The Lakers were nowhere near an upper echelon squad in this time, and let’s face it, the franchise lost many fans because of their early-playoff exits. The once excitable Staples Center arena was no longer a hostile environment, and might I say, only the “real” Lakers fans attended the games. The other fakes were off watching their new favorite teams like the Nets, Suns and Spurs shine in the NBA Playoffs, while the former Laker players were right there watching it with them.

Not surprisingly, when the Lakers finally became relevant in the NBA in the year 2008, all of a sudden a myriad of Lakers “fans” once again supported the team. Those who claimed to have sided with the Lakers during their dark days were the ones who bragged when the Spurs or Suns made deep-playoff runs just a few years back. Just because the Lakers traded for Pau Gasol and reclaimed the top-seed in the Western Conference, the once empty Staples Center was filled with self-proclaimed “true-fans.”

Nevertheless, deep inside the mind of the band-wagoner lives the dreadful truth that he or she had left the Lakers after they had lost their edge, and supported a more “talented” ball-club. While the other true Lakers fans stuck by the team through thick and thin and had faith the squad will once again shine in the NBA, thousands of front runners stormed in with ill-conceived notion that they were always with the team.

I applaud the fans who never abandoned the Lakers when they were once fighting for a lottery pick. These “true” supporters were faithful to the team, and never lost hope in Kobe Bryant or Dr. Jerry Buss.   These fans believed in the Lakers and did not let obstacles on the road influence whom they claimed to be their favorite teams.

Every team and every movement  in history has seen setbacks and disappointment along the way, but their resiliency and sheer determination allowed them succeeded and find a way to the top of the mountain.

Despite impediments along their way, the Revolutionists eventually gained their independence from the British; although the Civil Rights Movement lost momentum after assassinations to various leaders, it found a way to gain rights for its people; and even though the Los Angeles Lakers were a laughing stock in the NBA for several seasons, fans’ support paid off when the team won two consecutive champions. Now I don’t mean to compare the Lakers’ success to the great accomplishments of the Revolutionists and Civil Right Movement, but all of these examples featured supporters who stayed true to the cause despite setbacks.

These people had faith.

“Fake” fans can gloat all they want, and they can defend themselves to the best of their abilities, but leaving a team in tough times is not the correct way to show “faith.” The Lakers now face the same situation as they faced in the 2004, to a lesser degree obviously. Nevertheless, the team is undergoing problems and will most likely have to make changes which will results in a loss of fans.

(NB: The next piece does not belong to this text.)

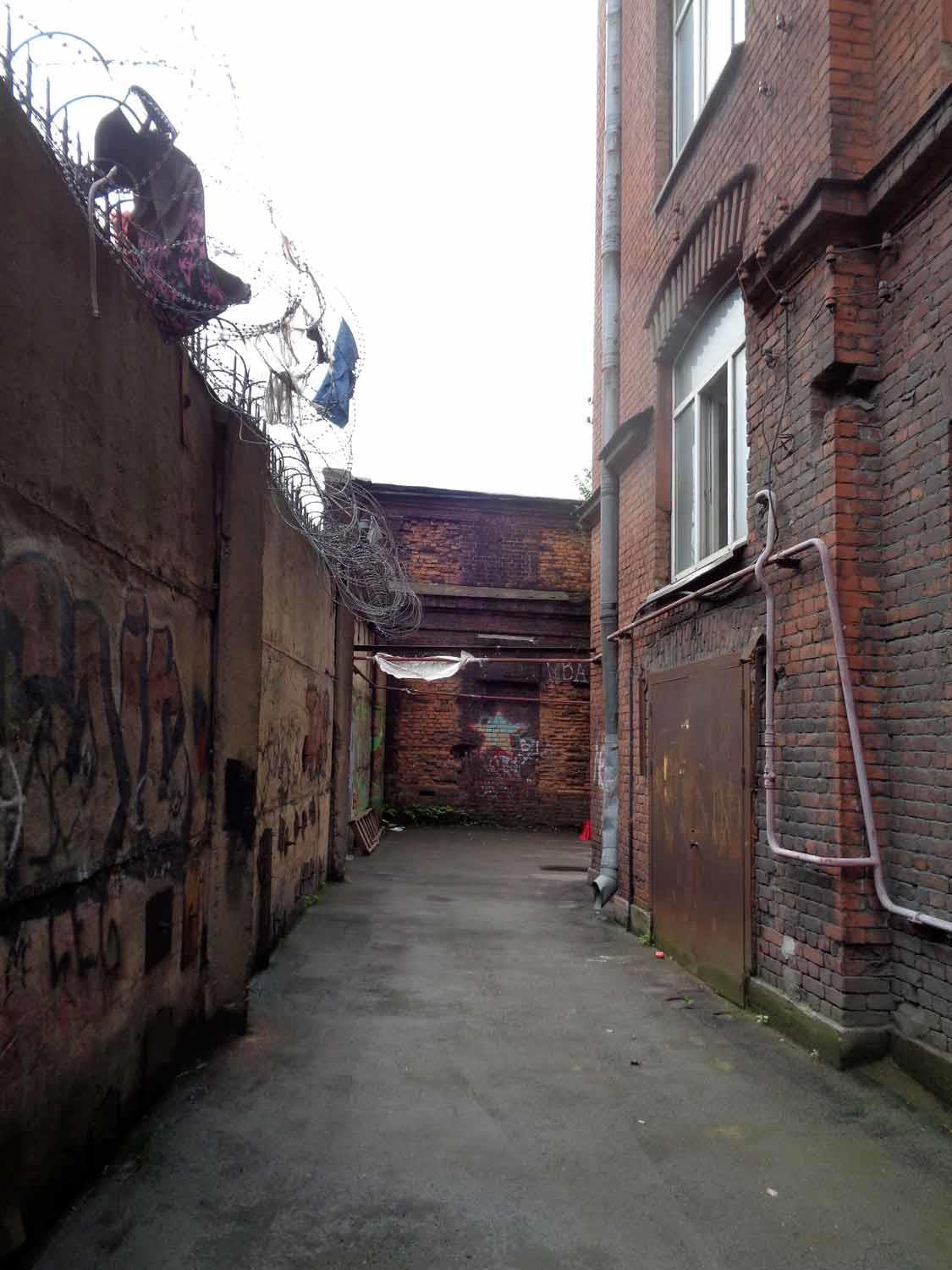 Мы предприняли небольшую самодеятельную экскурсию во двор старой общаги Красного треугольника. Начали со СТаро-Петергофского, пройдя вот по такому экзотическому проходу: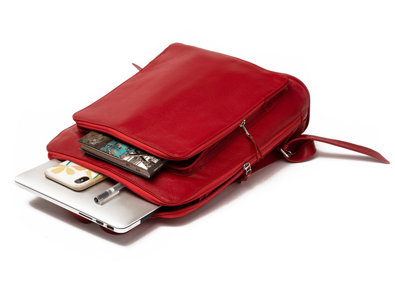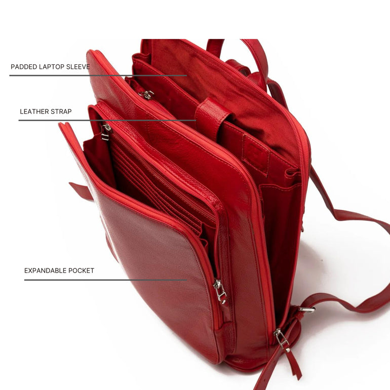 Tech Leather Backpack, available in three sizes, is made from high-quality, eco-friendly leather. It's perfect for students and professionals, with two main compartments and a padded spot for laptops up to 16 inches. It's durable, stylish, and has lots of pockets for your stuff. Plus, its expandable opening design makes it super convenient! Great for everyday use!

These times separate the “fake” fans from the “real” fans. Those who will stop supporting the team since they lost Game 4 in embarrassing fashion and relinquished hopes of a three-peat, are considered the band-wagoners, while the fans that stick around for the tough times should be praised for their faith.

User Yash commented on a previous post, “I am done being a Lakers fan, I spent countless hours supporting them and in return all I got was happiness. This is just SAD.” This ex-Lakers fan has most likely already purchased his or her own Derrick Rose jersey and has long forgotten his or her time being a Lakers fan.  However, user Ktheevilgenius has a mindset which is the antithesis to the one held by Yash. “True fans stick with there teams no matter what.” Says Ktheevilgenius. “[They] ride or die with them ’till the end.”

Now that the Lakers’ dynasty seems to have ended, there will be a drastic change in the size of the team’s fan-base. However, don’t be surprised to see the “fake” fans come storming back if the Lakers make another championship run next season.